Many of the bigger gatherings have a large video screens so the speakers can be seen from the back rows, sometimes hundreds of feet away.

But in hosting the Global Travel and Tourism Summit, the Las Vegas Convention and Visitors Authority and the convention staff at Aria — MGM Resorts International’s showcase property at CityCenter — wanted the venue to be memorable and for delegates never to forget they were meeting on the Las Vegas Strip.

So they worked with Las Vegas-based show and production designers to come up with a gathering place worthy of a global audience of 1,000 that had come to hear U.S. Cabinet speakers, CEOs from the world’s top tourism companies and the president of Mexico.

With assistance from The JGS Group, owned and managed by Julie Gilday-Shaffer, and with technical production management by Peter Emminger, Aria set up a stadium-style venue-in-the-round on 270 degrees of a circle nine rows high. The stage was a replica of the “Welcome to Fabulous Las Vegas, Nevada” sign.

The design placed every delegate within about 60 feet of the center of the stage.

Every seat had a view of at least one of the 12-by-23-foot, high-definition projection screens that showed the speakers and special video presentations. Between the video screens were two 10-by-100-foot Las Vegas skyline murals depicting most of the city’s resort properties.

At the ends of the projection screens were two more 11-by-45-foot projection surfaces that carried icons depicting the theme of the talk or panel.

Panelists were parked on mood-lit, white, contemporary swivel lounge chairs while keynoters stood behind the panelists’ seats at an elevated podium.

Overhead, between stage lights, was a diamond-shaped acoustic panel on which the LVCVA’s Las Vegas logo was projected.

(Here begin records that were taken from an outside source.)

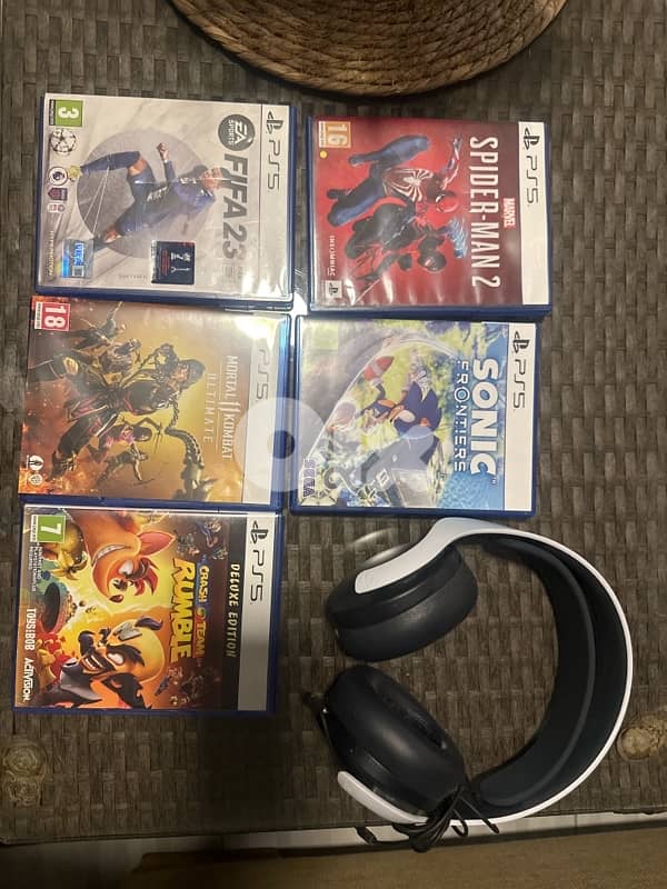 5 games like new - each 22$ headset like new rarely used 40$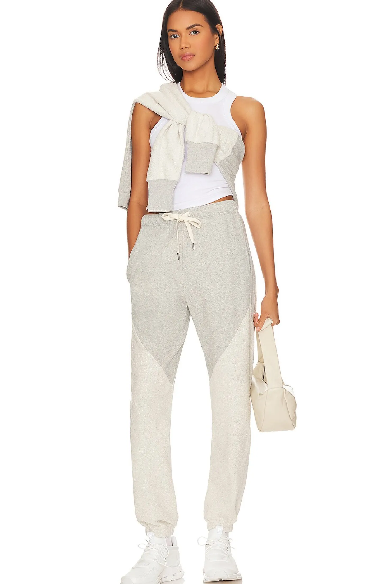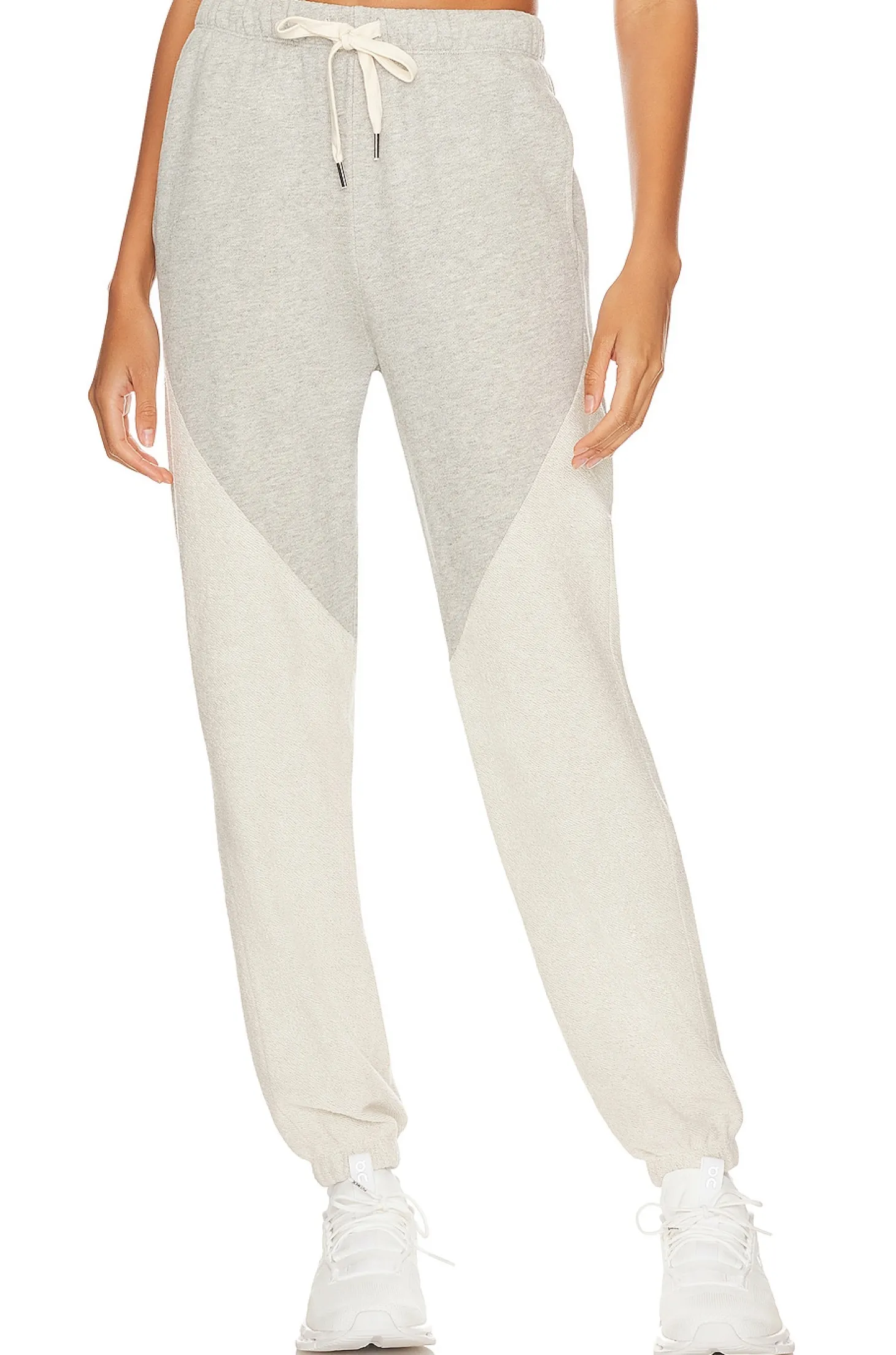 100% cotton.Made in USA.Machine wash.Elastic drawstring waistband.Side slant pockets.Elastic cuffs French terrycloth fabric.Item not sold as a set.14" at the knee narrows to 10" at the leg opening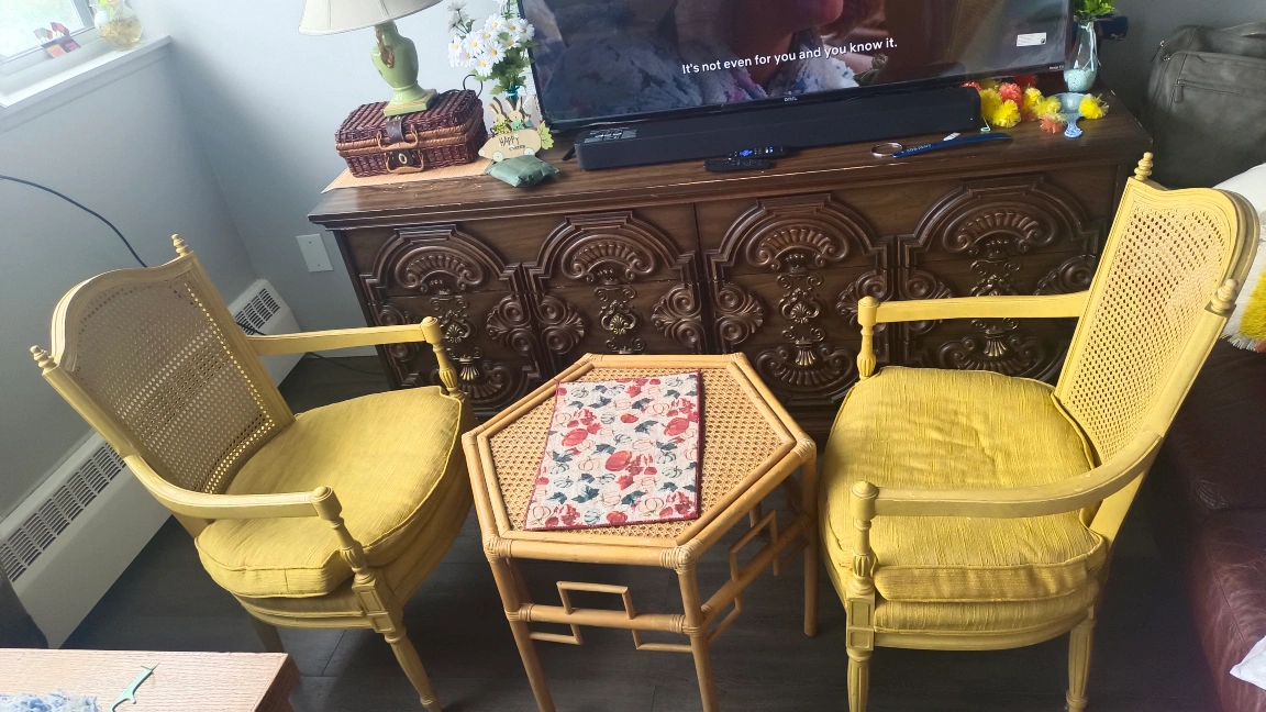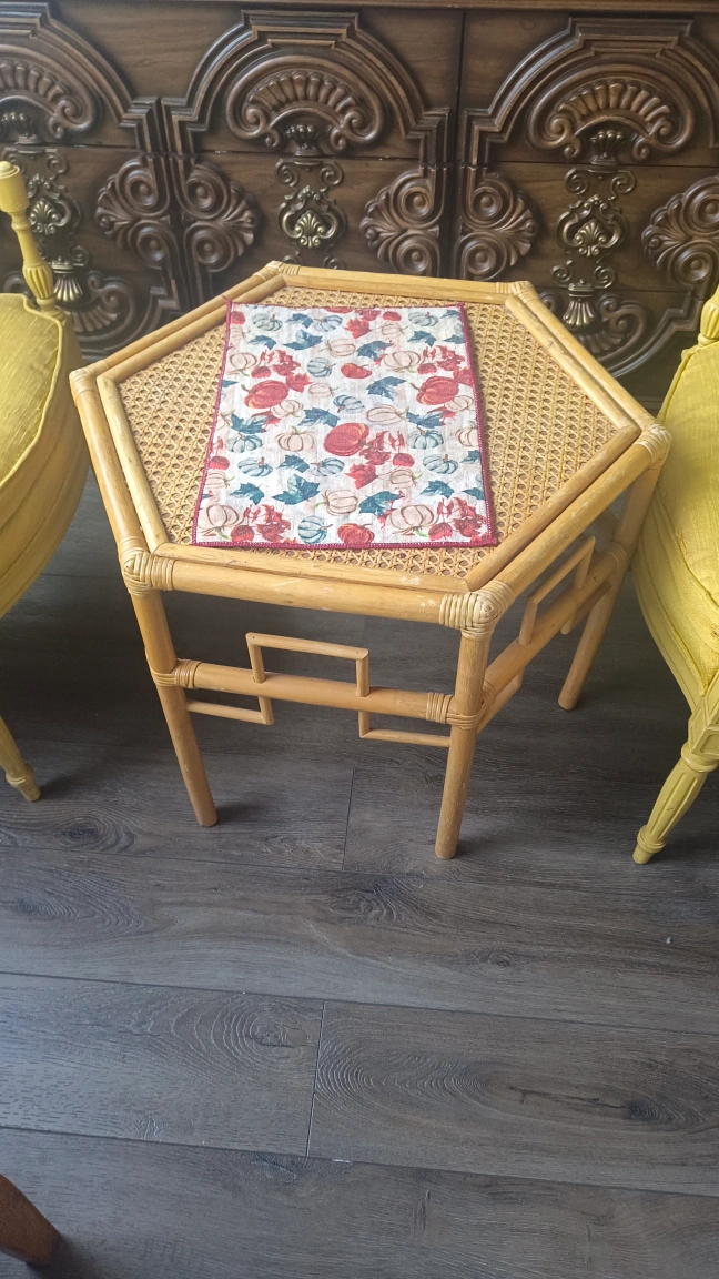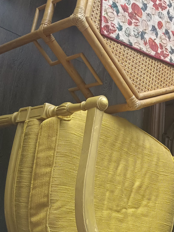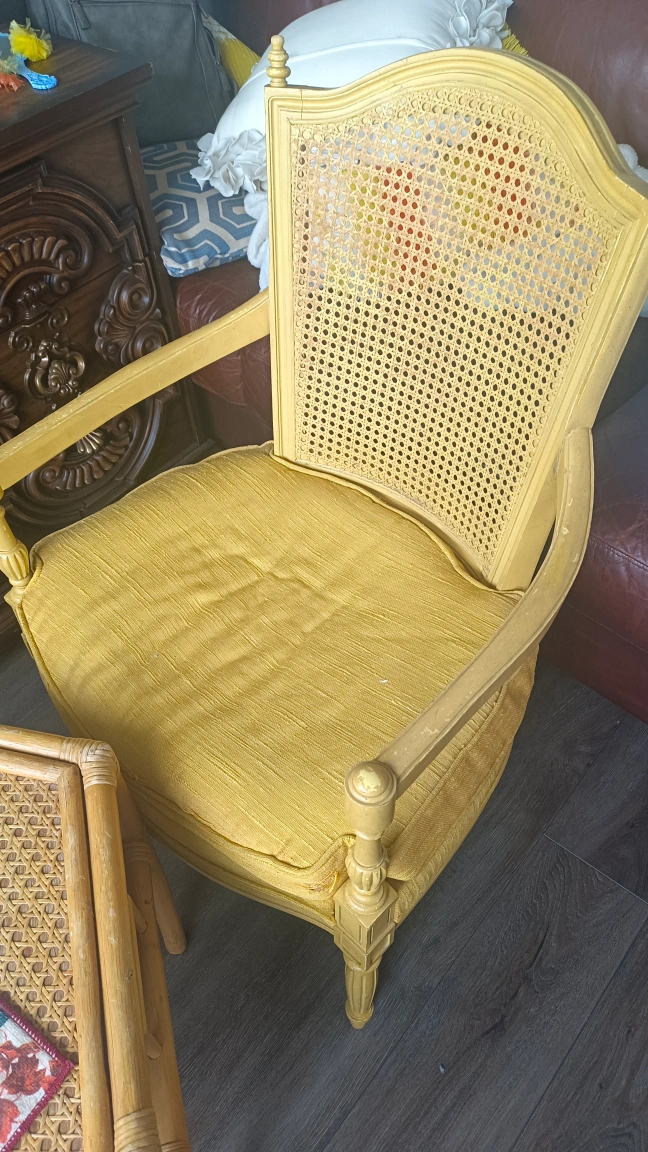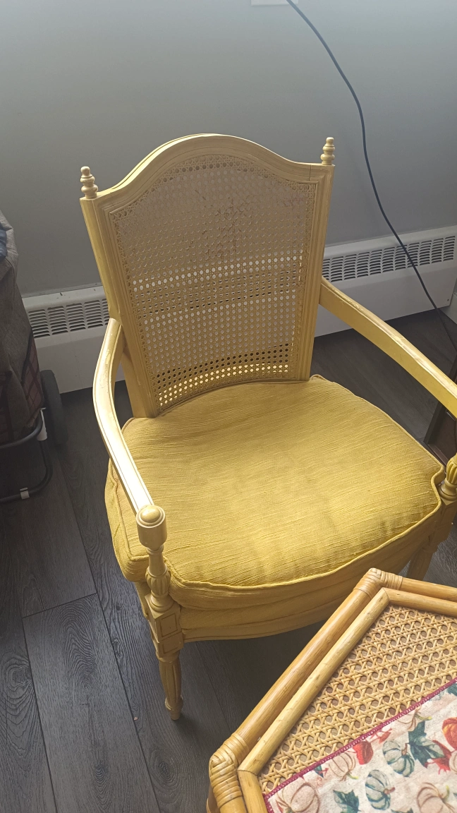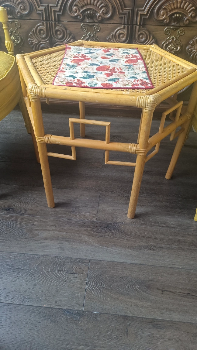 10Selling a cute vintage accent chair with a matching side table. The chair has a lovely yellow cushion and a rattan back. The side table is also rattan with a decorative fabric top. Perfect for adding a touch of vintage charm to your home!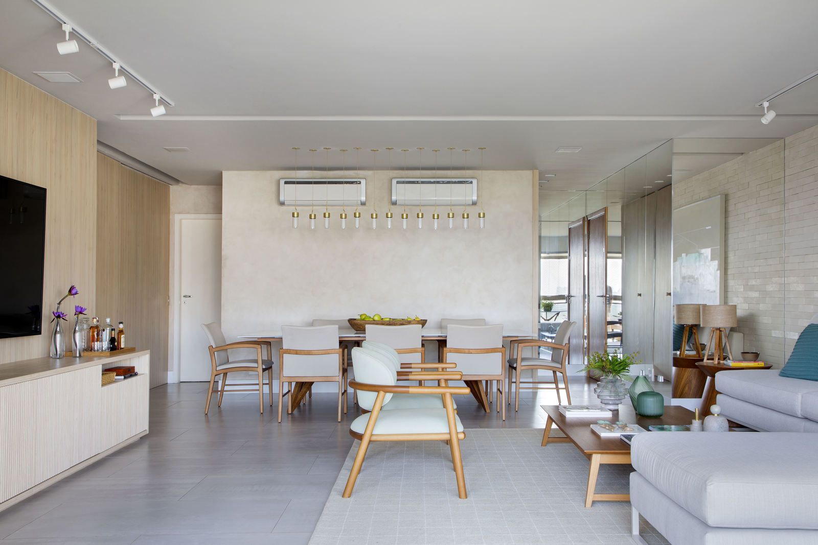 Um apartamento com sala de TV para as crianças e varanda gourmet para os pais. Esses eram os principais desejos de um casal com dois filhos pequenos quando chamaram a arquiteta Patricia Fiuza para este projeto na Barra da Tijuca, Rio de Janeiro.

There was a touch of United Nations at each seat. Attendees were issued smart phone-sized MP3 players and headphones so they could listen to presentations in Japanese, Mandarin or English.

There were only a few technical glitches. During the first presentation by a Mandarin speaker, no one explained how to unlock the channel settings on the MP3 players.

It didn’t matter.

Everybody was dazzled by the sight of the Venetian, the Wynn, Luxor and the Rio on the wall.